Post-traumatic elbow contracture is a debilitating complication characterized by joint immobility and caused by thickening and stiffening of the joint capsule. Surgical capsular release is performed when contractures do not respond to nonsurgical intervention. Capsular release, however, generally only improves (but not normalize) elbow range of motion. Furthermore, additional fibrosis and contraction often recurs, all of which necessitates the need to develop better treatment strategies. Joint capsules from post-traumatic elbow contractures have been found to contain activated myofibroblasts expressing alpha smooth muscle actin (?-SMA) and increased collagen deposition. In other wound healing scenarios, myofibroblasts exert contractile forces on the ECM and synthesize collagen in a manner that is modulated in part by mechanical forces and biochemical factors present in and around the wound. These components interact with the myofibroblasts in a reciprocal and dynamic manner, such that wound healing proceeds as a mechano-chemical feedback loop that resolves with either normal or pathological healing. We hypothesize that this feedback loop is also operational in the injured joint capsule and contributes to capsule thickening and contracture. Our strategy is to interrupt this feedback loop by temporarily blocking NMMII-actin engagement, and thus the ability of myofibroblasts to generate and sense force at critical points during wound healing by delivering the drug blebbistatin (or its derivatives) to the wound site via poly(lactide-co-gylcolide) (PLGA) particles. This project has two major aims that are centered on developing a mechanistic understanding of the feedback loop in the joint capsule and assessing the feasibility of using small molecules to interrupt this feedback loop and reduce/eliminate fibrosis and contracture.
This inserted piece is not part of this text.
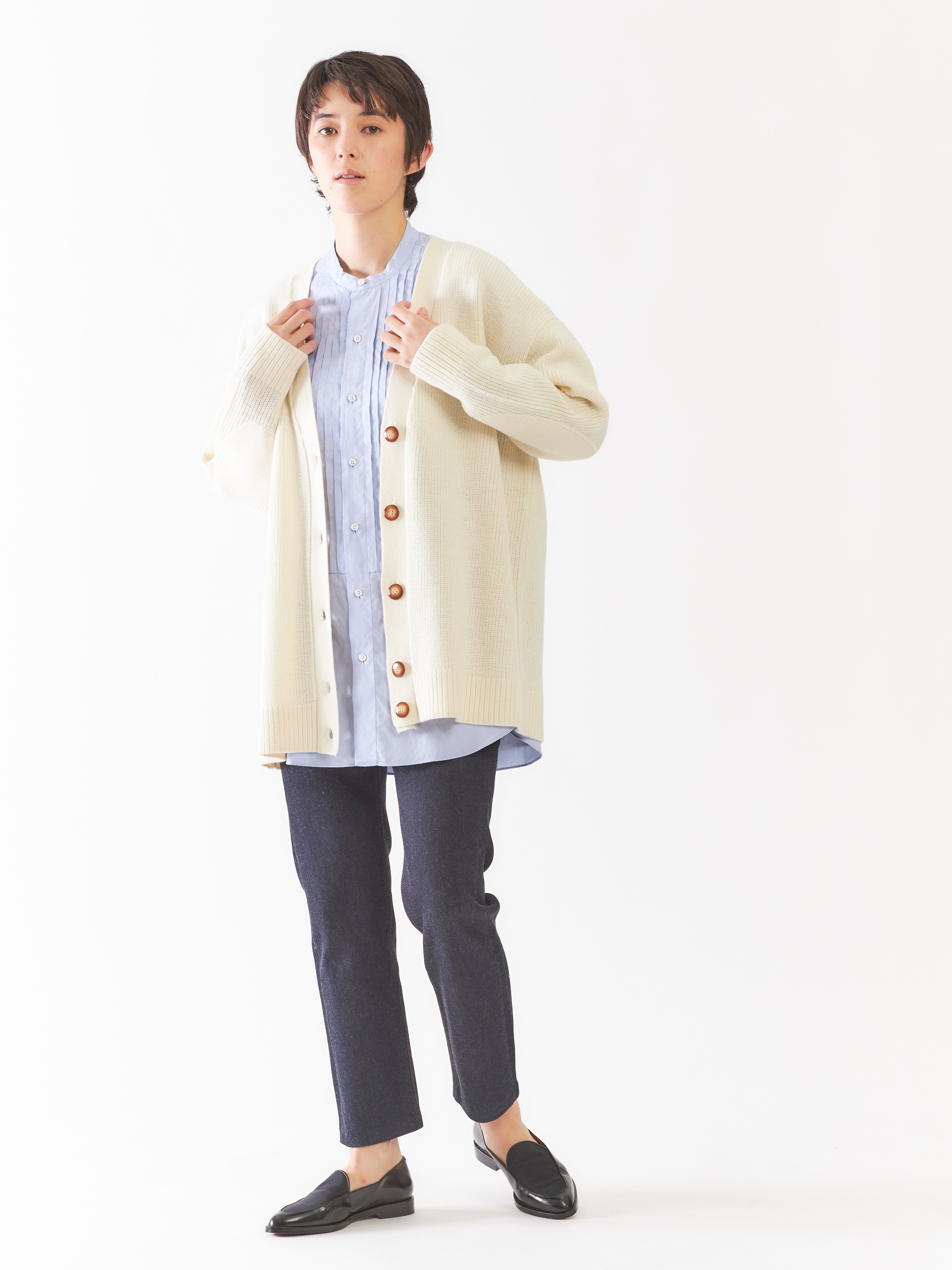 ゆったりサイズで、少し厚手のカットソーなどを合わせてもすっきり着こなせるので、長く使えるアイテムです。

In aim 1, we will perform a series of in vitro experiments where we compare blebbistatin and para-nitroblebbistatin PLGA particle compositions and release kinetics to remodeling outcomes, such as myofibroblast activation, force generation, myofibroblast activation, collagen production, and ECM remodeling/tissue stiffness.
In aim 2, we will test the ability of blebbistatin or para-nitroblebbistatin to mitigate joint capsule thickening/stiffening, contracture, and fibrosis in a validated rat model of elbow joint contracture. We envision that inhibition of NMMII activity with blebbistatin/para-blebbistatin can be used adjunctively to capsule release surgery. We hypothesize that the controlled-release of drug will temper myofibroblast behavior so that more normal healing follows and larger gains in post-operative ROM are maintained. The knowledge gained here will also have implications for other joints (e.g., knee, ankle, finger) and fibrotic conditions.
This project seeks to demonstrate that the controlled release of blebbistatin (or its derivatives) in a healing elbow joint capsule via biodegrading PLGA particles can be optimized to limit excessive collagen production and contracture by myofibroblasts so that joint mobility is sustained without the recurrence of fibrosis. We will combine quantitative in vitro experiments with an animal model of the post-traumatic elbow joint to assess the feasibility of this therapy for humans.